Task data below:
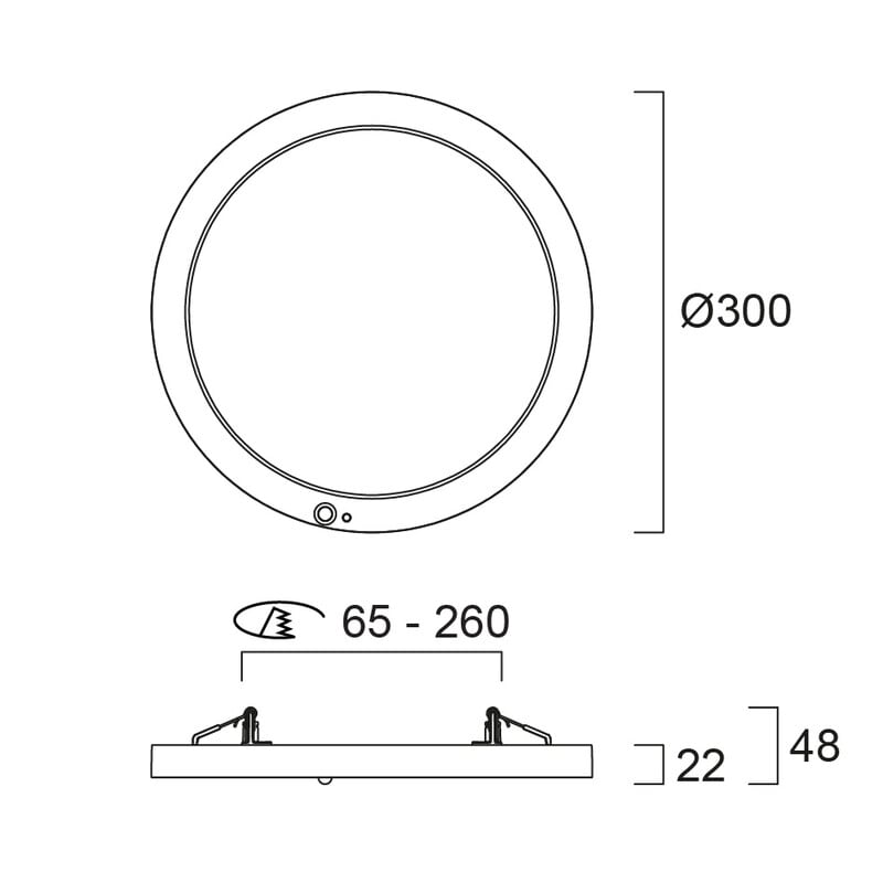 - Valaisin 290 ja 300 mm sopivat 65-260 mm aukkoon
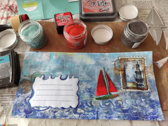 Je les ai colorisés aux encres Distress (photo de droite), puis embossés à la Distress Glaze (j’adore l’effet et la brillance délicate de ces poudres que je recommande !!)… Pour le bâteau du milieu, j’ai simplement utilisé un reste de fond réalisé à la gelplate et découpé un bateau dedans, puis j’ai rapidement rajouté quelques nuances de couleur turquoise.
End of Task data.
Task data below:
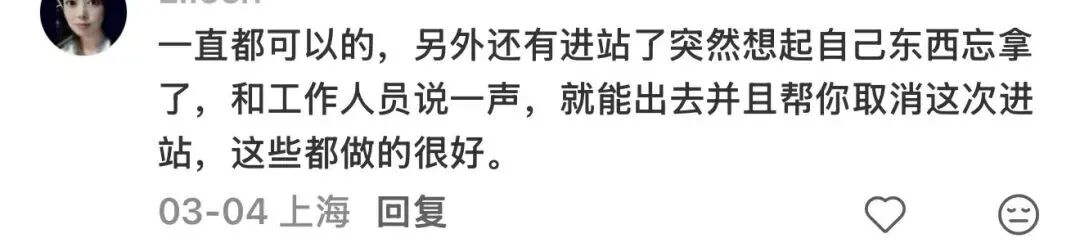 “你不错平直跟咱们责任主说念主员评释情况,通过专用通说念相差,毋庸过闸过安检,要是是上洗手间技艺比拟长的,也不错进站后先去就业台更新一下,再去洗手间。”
End of Task data.
*What you are asked to do*. For this task, return exactly the stretch of the listing above from the line with "- Valaisin 290" through the line with "Je les ai colorisés", inclusive and without pictures.

*Result of this exercise*.
 - Valaisin 290 ja 300 mm sopivat 65-260 mm aukkoon
 Je les ai colorisés aux encres Distress (photo de droite), puis embossés à la Distress Glaze (j’adore l’effet et la brillance délicate de ces poudres que je recommande !!)… Pour le bâteau du milieu, j’ai simplement utilisé un reste de fond réalisé à la gelplate et découpé un bateau dedans, puis j’ai rapidement rajouté quelques nuances de couleur turquoise.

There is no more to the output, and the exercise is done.